GLIMPSE: a tool to search through entire file systems

  • Authors:
  • Udi Manber;Sun Wu

  • Affiliations:
  • Department of Computer Science, University of Arizona, Tucson, AZ;Department of Computer Science, National Chung-Cheng University, Ming-Shong, Chia-Yi, Taiwan

  • Venue:
  • WTEC'94 Proceedings of the USENIX Winter 1994 Technical Conference on USENIX Winter 1994 Technical Conference
  • Year:
  • 1994

Quantified Score

Hi-index 0.02

Visualization

Abstract

GLIMPSE, which stands for GLobal IMPlicit SEarch, provides indexing and query schemes for file systems. The novelty of glimpse is that it uses a very small index - in most cases 2-4% of the size of the text - and still allows very flexible full-text retrieval including Boolean queries, approximate matching (i.e., allowing misspelling), and even searching for regular expressions. In a sense, glimpse extends agrep to entire file systems, while preserving most of its functionality and simplicity. Query times are typically slower than with inverted indexes, but they are still fast enough for many applications.

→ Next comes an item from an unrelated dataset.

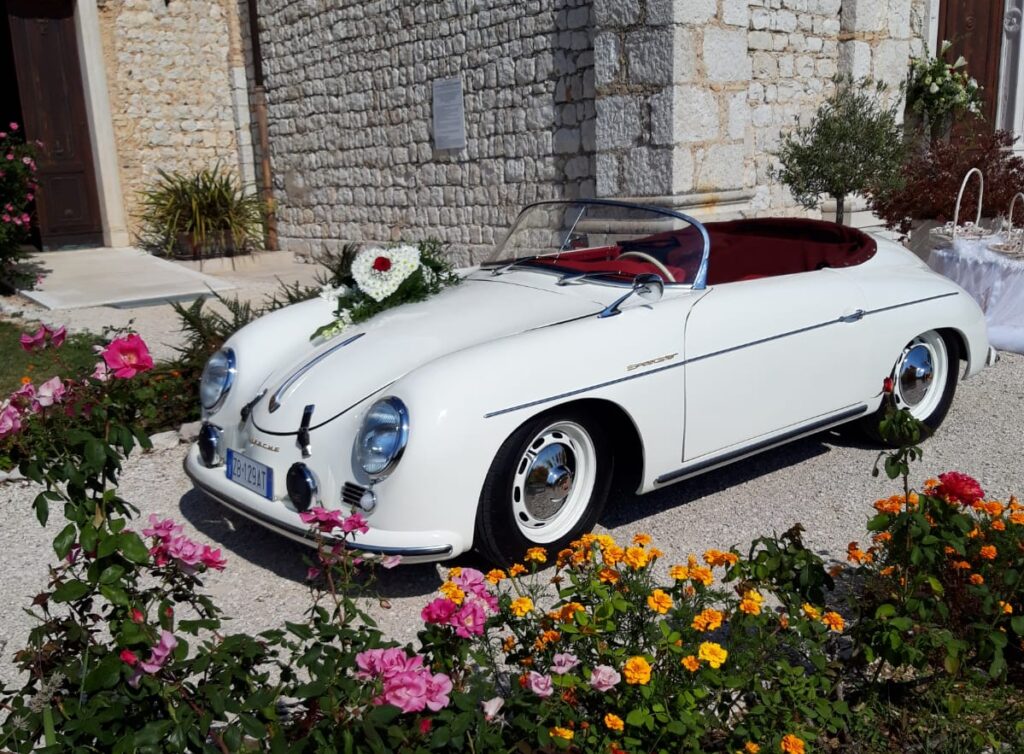 Porsche 356A Speedster replica anno 1955 colore bianco con interni in pelle rosso Cartier, per essere accarezzati dal vento in una splendida Spider d’epoca.

For example, it took 5 seconds of CPU time to find all 19 occurrences of Usenix AND Winter in a file system containing 69MB of text spanning 4300 files. Glimpse is particularly designed for personal information, such as one's own file system. The main characteristic of personal information is that it is non-uniform and includes many types of documents. An information retrieval system for personal information should support many types of queries, flexible interaction, low overhead, and customization, All these are important features of glimpse.